> **Required work**: For the entries that follow, retype exactly the lines from the one containing "这些问题在新《著作权法》中得" to the one containing "Scopri il tuo", inclusive, and only those. Images stay out of the copy.

> **Exercise data**:
-------------------------
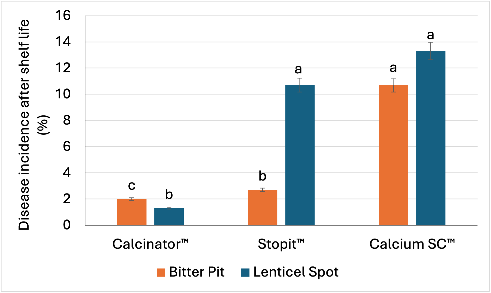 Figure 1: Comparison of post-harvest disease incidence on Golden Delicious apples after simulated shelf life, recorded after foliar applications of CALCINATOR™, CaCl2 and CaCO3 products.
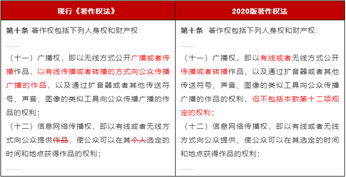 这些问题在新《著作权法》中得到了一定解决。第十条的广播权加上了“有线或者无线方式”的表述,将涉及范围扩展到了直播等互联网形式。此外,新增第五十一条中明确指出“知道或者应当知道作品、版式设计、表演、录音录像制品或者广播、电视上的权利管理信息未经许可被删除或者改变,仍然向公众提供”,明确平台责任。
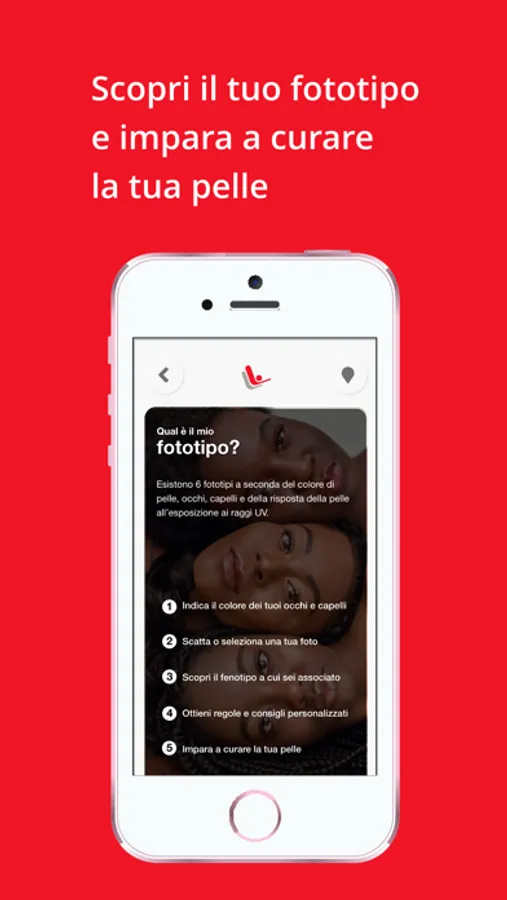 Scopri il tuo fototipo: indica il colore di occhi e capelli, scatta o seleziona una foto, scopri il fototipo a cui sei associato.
-------------------------
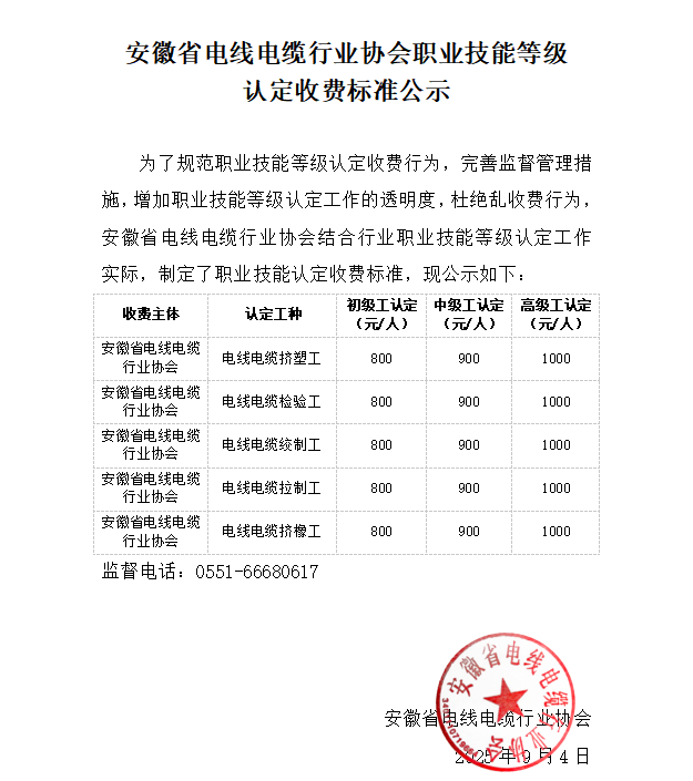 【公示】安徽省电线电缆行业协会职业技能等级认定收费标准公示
-------------------------
> **Exercise output**:
 这些问题在新《著作权法》中得到了一定解决。第十条的广播权加上了“有线或者无线方式”的表述,将涉及范围扩展到了直播等互联网形式。此外,新增第五十一条中明确指出“知道或者应当知道作品、版式设计、表演、录音录像制品或者广播、电视上的权利管理信息未经许可被删除或者改变,仍然向公众提供”,明确平台责任。
 Scopri il tuo fototipo: indica il colore di occhi e capelli, scatta o seleziona una foto, scopri il fototipo a cui sei associato.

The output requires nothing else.